数年前に、インパクトボックス減勢工(衝撃型減勢工)の設計をしました。

まず、インパクトボックス減勢工については、土木学会で発行している古い「水理公式集」にでています。

結論から言うと、

・H11版では、削除されている
・S60版では、さわり程度
・S46版では、ある程度

S46版およびS60年版には、「流量10m3/s、流速10m/s程度に有効である」と書かれています。
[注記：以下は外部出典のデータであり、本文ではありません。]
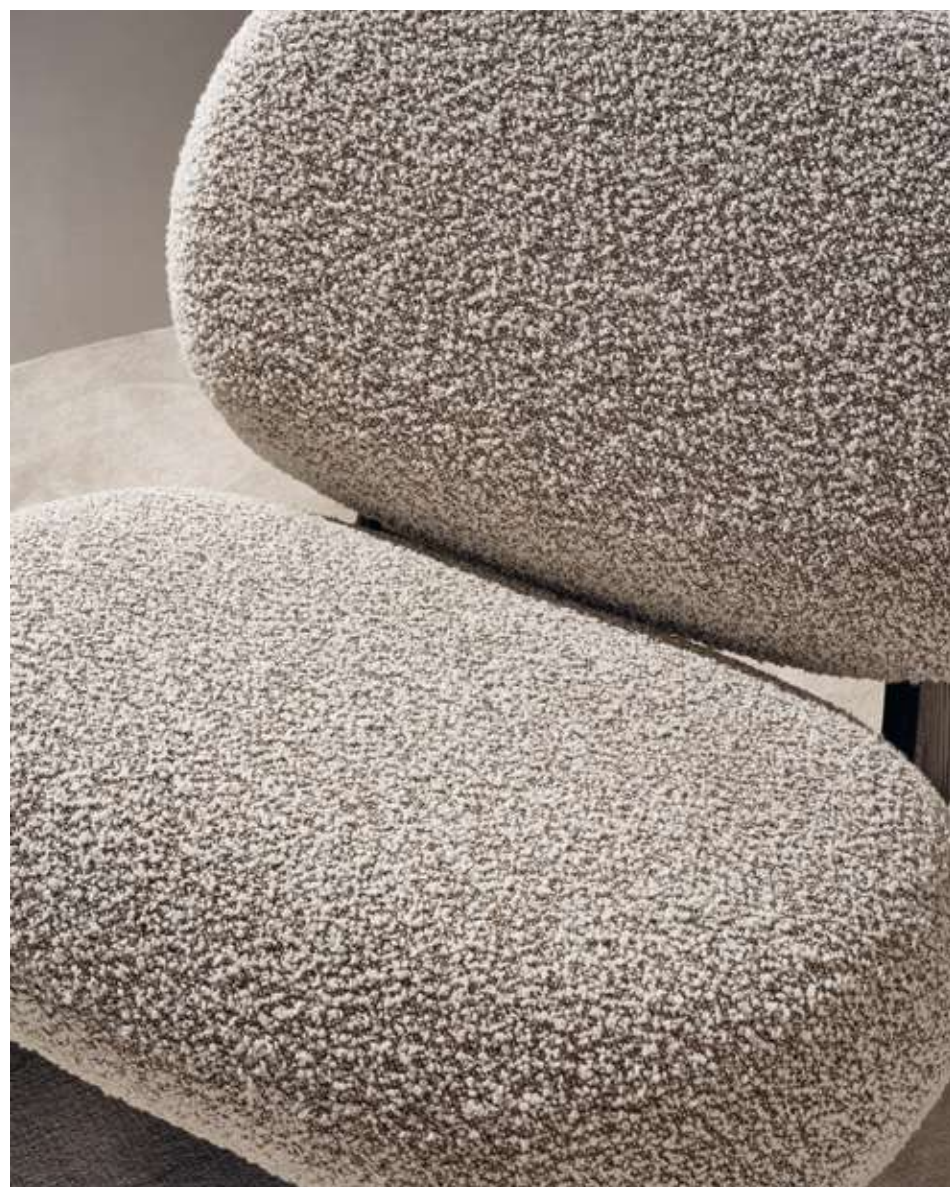
Twig Rocking Chair Poltrona con base in legno frassino tinta noce e tessuto bouclé B09.

私の設計した水理諸元は、「流量0.40m3/s、流速1.90m/s」です。

随分、水理諸元に開きがありますが、非常に上手く減勢されています。

それは、形状を決めるときに他の失敗例や成功例を探し出し(見つけるのに苦労しました)、設計にスパイスを加えたのです。

インパクトボックスは、劣化(消耗)する部分がわかってるので、設計段階からそれを見込めば、維持管理・維持費面で非常に有効な工法だと思います。

でも、水理公式集から消えてしまったということは、あまり用いられ無くなったのでしょうか?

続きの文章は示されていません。